Someone suggested once that the books be gathered up and taken over to the school, but there were too many against that for everyone was proud to have an encyclopedia on the parlor table by the Bible. So proud, in fact, that they quit teasing Mom. There was some new joke by this time anyway. It had to do with Archie McDowell's buying one of the new electric radios with electricity still five miles down the river, too.

This was what they were all laughing about when we were at the Fourth of July picnic the next summer when I tried to get them all quiet.

It wasn't long after we'd spread our picnic lunch when I came running up with my news. Lonnie Britt was folding up the tablecloths. Elsie Crawford was feeding her baby. Mom was putting away remnants of a cake. Some of the menfolks were clearing a place for horseshoes and laughing at Archie and his radio.

"Come on. Come on," I yelled to them all, trying to make them hear me.

"What is it, Jeanie?" Mama looked alarmed, hastily untying her apron.

"Just come on. Everybody." I turned and ran and motioned for them to follow, looking back over my shoulder to see that they did. And they did. Just like I was the gingerbread man, and them all strung out behind me. I got so far ahead I had to stop at the merry-go-round to make sure they saw which way I turned, and again at the Ferris wheel. But they kept coming, Mama's hair falling loose, Grandma clutching her old pocketbook, Tom Alexander picking up one of the little ones and carrying him along, Elsie Crawford with her baby crying, Archie McDowell holding onto a broken suspender, Cabe Ashton with a horseshoe in his hand.

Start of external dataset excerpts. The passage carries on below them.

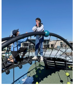
Silly Junior Girls
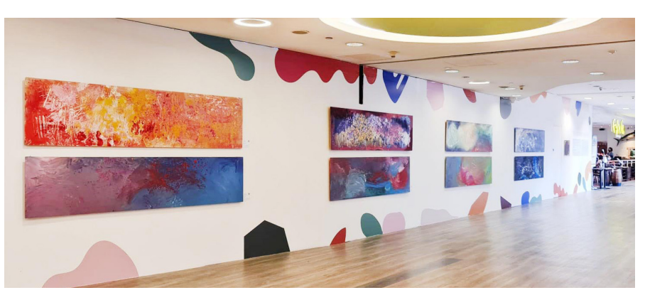
An art showcase on the hoardings at Velocity@Novena to help raise awareness for Extra•Ordinary People.

To UOL, art promotes expression and creativity, and builds communities.
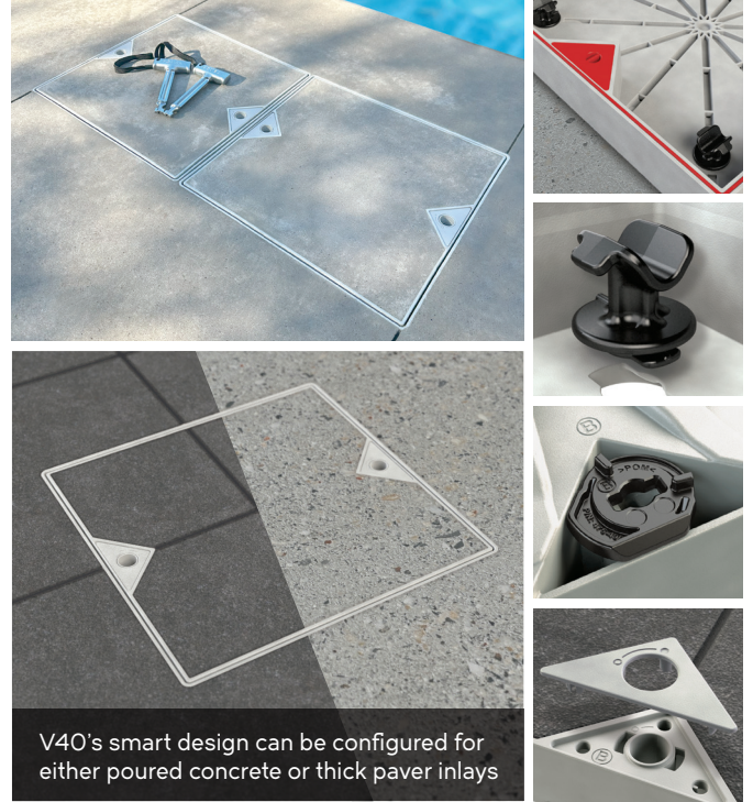
V40's smart design can be configured for either poured concrete or thick paver inlays

Scan this code to watch our series of helpful V-LOCK Lid videos.
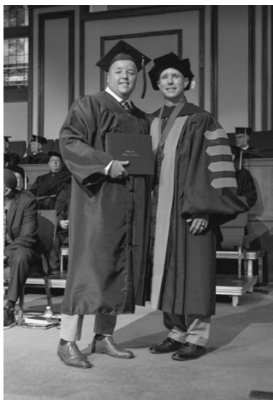
A graduate receiving his diploma during commencement ceremonies, held annually at First Baptist Church, Conyers, Georgia.

These Master of Arts programs are limited in their development of students preparing for ministry as a pastor. Pastoral candidates are encouraged to enroll in the Master of Divinity program. Those who are considering pastoral ministry may benefit from earning one of these specialized degrees prior to entry into the M.Div. Transfer of the credits is possible, subject to the limitations for the program of study. The Master of Divinity degree is designed to provide a broad base of knowledge to fit the needs of students preparing for a lifetime of ministry. The M.Div. may be earned entirely online or by a combination of both online and on-campus classes.
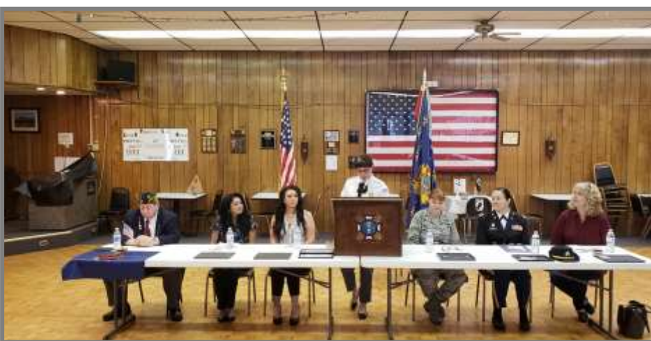
Post 1650 Recognition of Women in Military service Program.
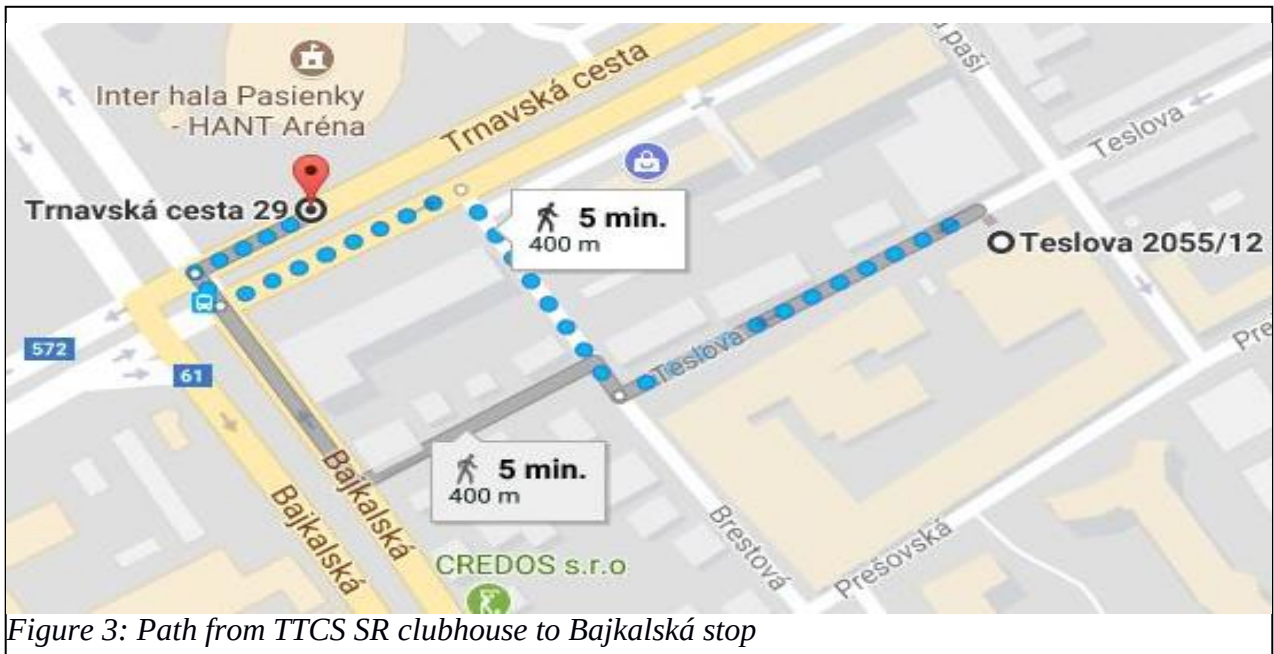
Figure 3: Path from TTCS SR clubhouse to Bajkalská stop

Trolleybus no. 204 direction Patrónka, from Bajkalská stop, step out at the Bárdošová stop. A 15 minute ticket suffices for the connection; price of the ticket is €0.70.
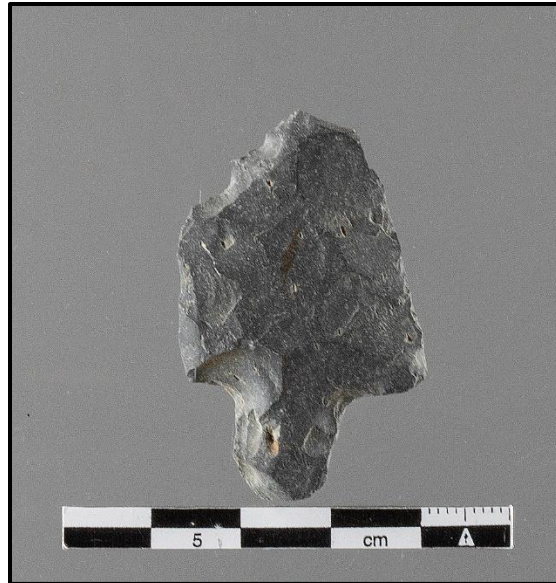
Figure 17: ETSULC-LBC1, Little Bear Creek
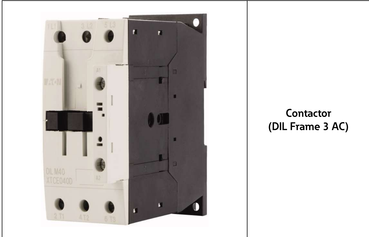
Contacteur (DIL Frame 3 AC)
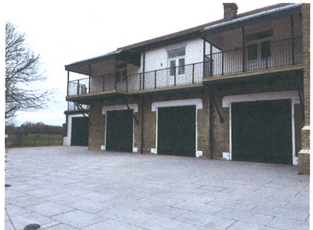
Storage Units on FP51
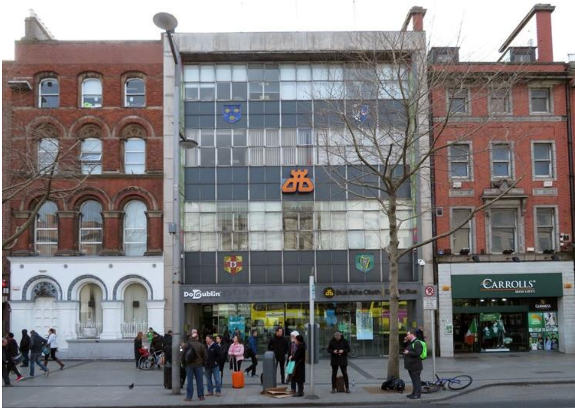
Diagram 1.51: 59 O'Connell Street Upper
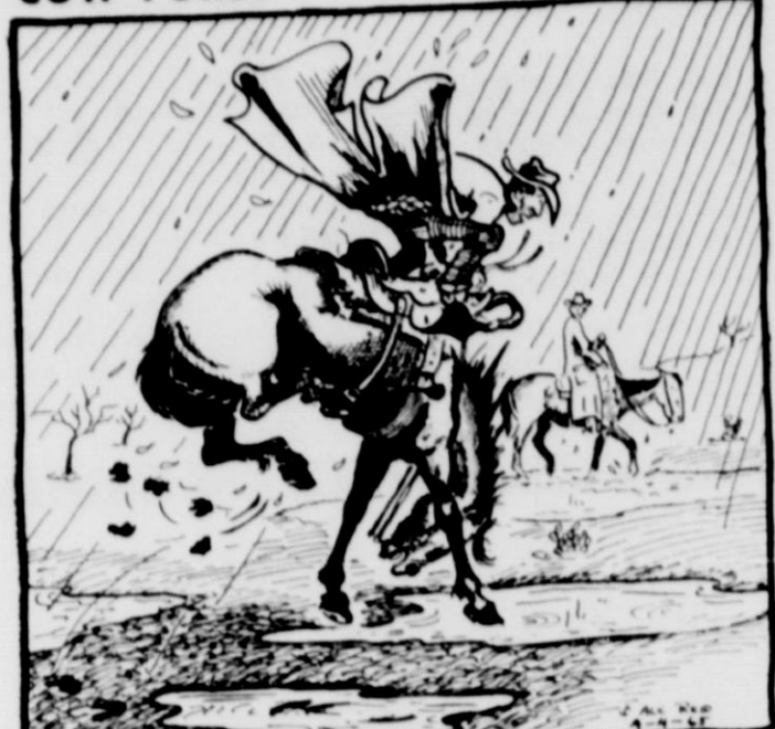
"Dang slicker! Without it I git pneumonia! With it I git killed!"

This feature sponsored by THE FIRST STATE BANK
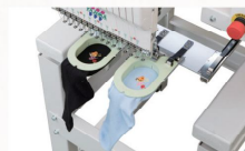
▲Sock Frame (50mm x 30mm)

Right up onto the wooden platform I ran while they all came up running and stopped short and breathless down below.

The announcer was saying, "Here's the little lass who wants to try it. Remember, folks. If she can get all the way through without a mistake, we will give a dollar for every word. There's been fifteen try it already but so far no one has made it. Are you ready?"

I nodded that I was. How many words did the thing have, anyway? What would I get with all that money? I'd buy all the books back anyway. Bless the dear "G" book. Or get another set. I looked at Lonnie Britt standing down below, looking up at me so proudly. I'd get Lonnie a carpet to go with her carpet sweeper if it was only a couple of throw rugs. That was for sure. I almost stumbled and missed a word when I thought about the strings and bow for Tom's fiddle and pictures for Jim's stereoscope. Maybe I could even get electricity brought up to the community for Archie's radio. That was it! I'd bring electricity up the valley for it was too dark to read in the old kitchen, and there was a hole already bored over the table for the fixture. Did electric bills run big, I wondered, but kept on.

How triumphant Mama looked. I saw her lips moving and it looked as if she was saying, "They are the treasured wealth of the world." Lou was repeating the thing silently with me. Dad was counting on his fingers, but he finally had to give that up. A hush had fallen over the whole crowd. Even the Ferris wheel and merry-go-round had stopped. Elsie Crawford's baby wasn't making a sound.

A locust in the tree above me shrilled down to a dead stop and I wound up magnificently, "... that this nation, under God, shall have a new birth of freedom; and that government of the people, by the people, for the people shall not perish from the earth."